WHO Regional Director’s statement on COVID-19 [EN/AR] – Afghanistan

As of April 16, the Eastern Mediterranean Region has reported almost 21.7 million confirmed cases of COVID-19 and almost 342 000 deaths. Compared to last week, this week we saw a 21% decrease in the number of newly reported cases, and a 24% decrease in newly reported deaths. However, while the trends may seem encouraging, it is important to note that we have seen an increase in the number of new cases in 2 countries and an increase in deaths in 6 countries.

But even though deaths are decreasing to some of the lowest numbers since the start of the pandemic, transmission remains high, vaccination coverage remains low in several countries, and the relaxation of public health and social measures is still being widely observed, allowing continued transmission and the risk of new variants emerging.

In the coming months, our Region will host a number of important mass gathering events, including umra and hajj pilgrimages in Saudi Arabia and the FIFA World Cup in Qatar. Together with WHO headquarters and partners, we are working with authorities in these countries to make sure that systems are in place to protect millions of travelers from around the world and prevent further transmission of COVID-19 and other emerging infectious diseases. Additionally, as part of WHO’s mandate to promote health and well-being, we are working with FIFA and Qatar to use this global event as an opportunity to spread awareness on healthy lifestyles to all age groups around the world.

We continue to closely monitor circulating SARS-CoV-2 variants of concern, and to encourage all countries to scale up and sustain surveillance, laboratory testing and genome sequencing capacity to identify these variants early.

To date, 20 countries in the Region have reported the Delta variant of concern, and 17 countries have officially reported the Omicron variant of concern. Omicron remains the dominant variant circulating regionally and globally, and WHO continues to monitor several descendent lineages under this variant that have been reported from several countries, including the United States of America, South Africa and some countries across Europe.

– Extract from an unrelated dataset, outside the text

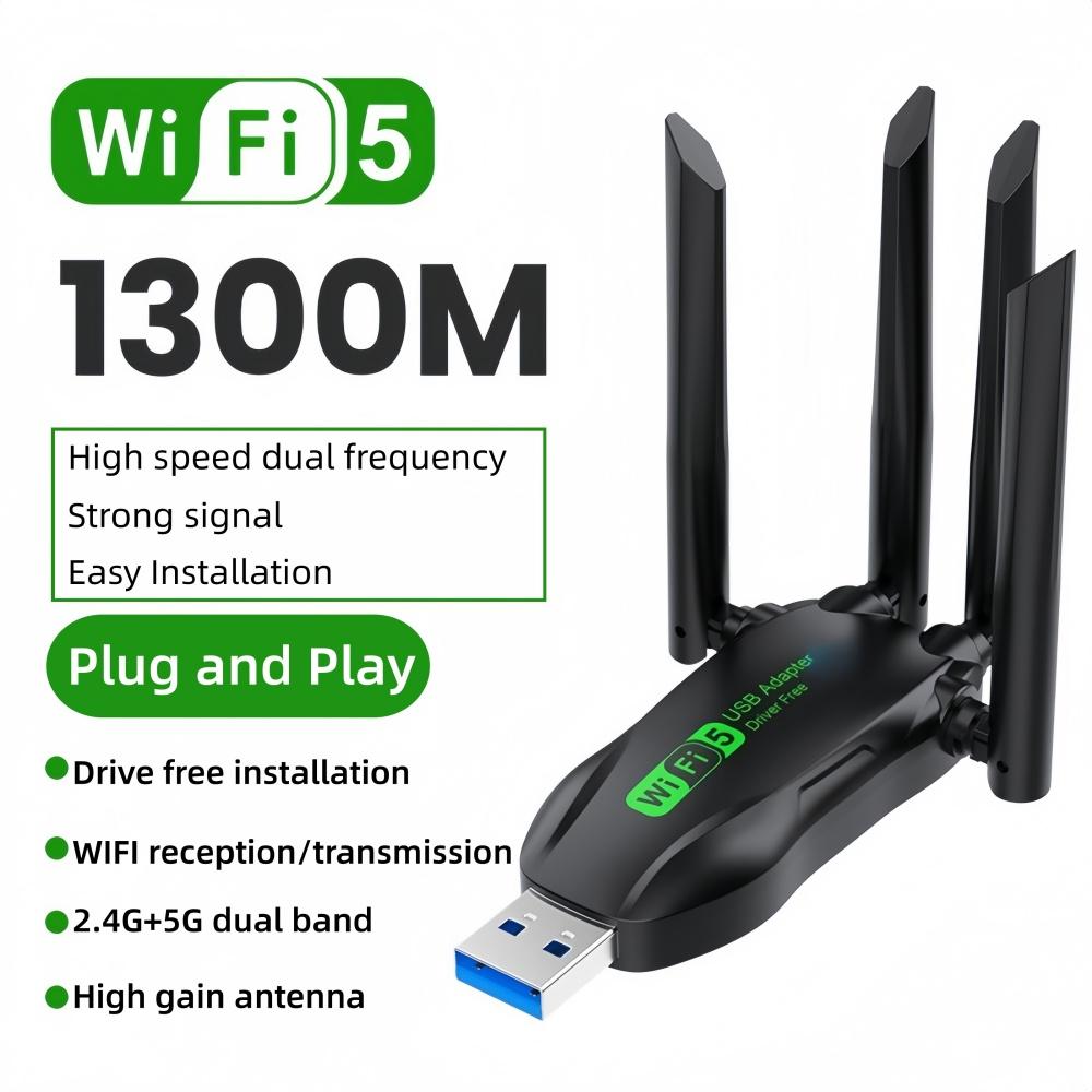 Dual Band 1300Mbps USB Adapter WiFi5 2.4G/5G 4 External Antenna Drive Free USB3.0 Wireless Receiver for Laptops/Desktops

Seventeen countries in the Region currently have domestic genome sequencing capacity to detect variants of concern, and the remaining 5 countries receive WHO support to sequence samples within the regional reference laboratories for sequencing. WHO has started the process of establishing a strong regional genome surveillance network, in collaboration with Member States and partners, that will contribute to regional efforts to expand and enhance sequencing capacity for high-threat pathogens.

Vaccination and adherence to personal hygiene measures (such as mask use, hand hygiene and social distancing) remain the best ways to prevent the virus from spreading and causing infection or death. Having a COVID-19 vaccine booster dose increases protection against all outcomes.

But it is important to note here that extensive use of multiple booster doses in a small number of countries will not end the pandemic. The global and regional priority is to achieve full protection of the highest priority groups in all countries with full vaccination and a booster dose first, and then advance to lower priority groups based on vaccine supply and health system capacity.

As of 19 April, 42% of the Region’s population is fully vaccinated, 8% are partially vaccinated, and 9% are booster vaccinated. Only 5 of 22 countries across the Region have met the global goal of vaccinating 70% of the population in every country, despite enough vaccine stocks being available. Our key focus now is to work with countries to ensure that vaccination campaigns reach all people – especially the most vulnerable – and that vaccine hesitancy among populations is addressed with the facts: vaccines save lives, and many people who are severely infected, hospitalized or die are under-vaccinated or unvaccinated.

Earlier this month, the COVID-19 Emergency Committee met and agreed that the pandemic remains a public health emergency of international concern. This is not yet the time to drop our guard. We need to work even harder together to save lives. Epidemics and pandemics are a fact of nature, and we know that this may not be the last pandemic. But it is in our hands to reduce the risk to this generation and to future generations.

Our experience with COVID-19 needs to be remembered as a positive lesson that allowed us to come together, using all the tools and resources at our disposal, and make incredible advances in protecting all people, everywhere, with no country left behind, regardless of political or socioeconomic status.

Since the very beginning of the pandemic, WHO has emphasized the critical role of individuals and communities in the global and regional response. We have seen how individual actions can have an impact on transmission of the virus and the course of the pandemic. Today, our actions as individuals and communities continue to play a key role in this collective battle against a common enemy. Any action we take – by adhering to public health and social measures and getting vaccinated – can make a significant difference. As we approach the last mile, this is not the time for complacency. Ending this pandemic and saving lives should still be everyone’s top priority.

I wish you all Ramadan Karim and a Happy Easter.